Personal information
- Date of birth: 9 December 1996 (age 28)
- Place of birth: Inverness, Scotland
- Position: Goalkeeper

Team information
- Current team: Brora Rangers

Youth career
- 2013–2016: Inverness Caledonian Thistle

Senior career*
- Years: Team / Apps / (Gls)
- 2013–2014: → Clachnacuddin (loan)
- 2015–2024: Inverness Caledonian Thistle / 22 / (0)
- 2016: → Elgin City (loan) / 3 / (0)
- 2016–2017: → Elgin City (loan) / 15 / (0)
- 2017: → Brora Rangers (loan)
- 2018: → Brora Rangers (loan)
- 2018–2019: → Rothes (loan) / 13 / (0)
- 2024–: Brora Rangers

= Cameron Mackay =

Scottish footballer

Cameron "Cammy" Mackay (born 9 December 1996) is a Scottish footballer who plays as a goalkeeper for club Brora Rangers.

==Career==
He made his debut for Inverness Caledonian Thistle in May 2015, coming on as a late substitute for Ryan Esson, in a game against Celtic at Parkhead. The following week, he was an unused substitute for Inverness as they won the Scottish Cup Final at Hampden Park.
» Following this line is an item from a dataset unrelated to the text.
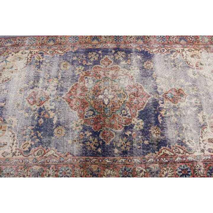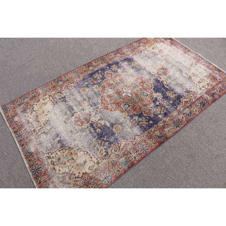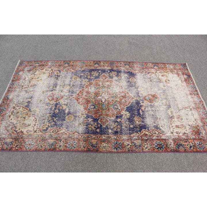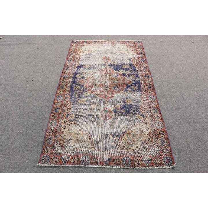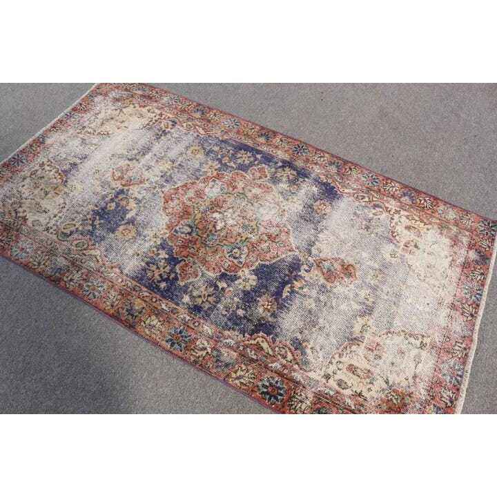 Alfombra Turca de 3.5x6.4 pies, Alfombra Decorativa Vintage, Alfombra con Diseño de Plantas y Árboles Azules
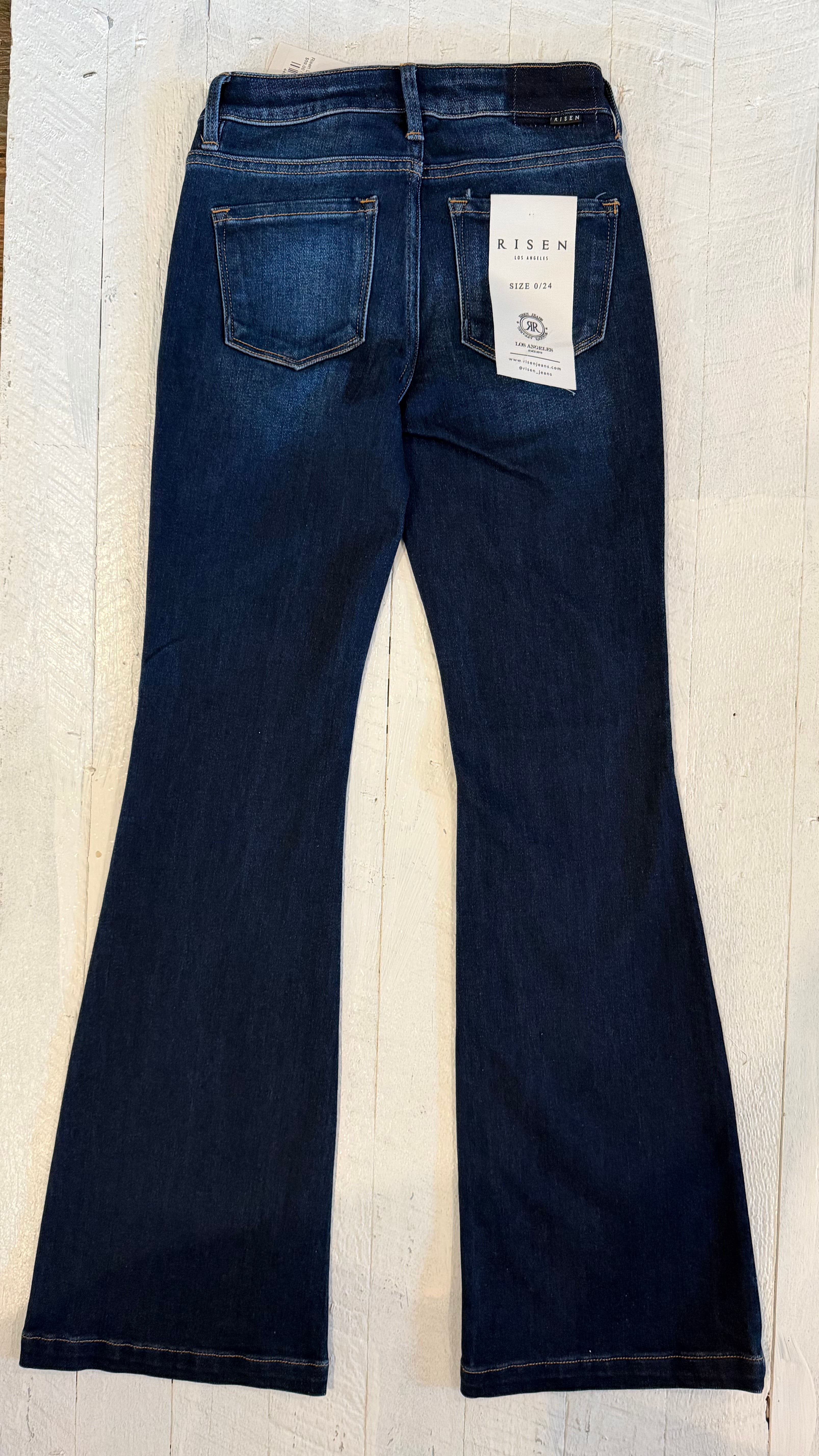 - Low-rise fit with a fashion-forward flare leg that elongates and flatters

Mackay was loaned out to Scottish League Two side Elgin City at the start of the 2016–17 season, however, his move was cut short and he returned to Thistle temporarily in September 2016 to provide goalkeeping cover after second-choice keeper Ryan Esson suffered an elbow injury. On 29 October 2016, Mackay made his first league start for Inverness against Hearts after Owain Fôn Williams was injured in the pre-match warm-up. Mackay subsequently returned to Elgin City on loan in December 2016.

Mackay signed a pre-contract deal with Highland League side Brora Rangers after being part of relegated Inverness Caledonian Thistle.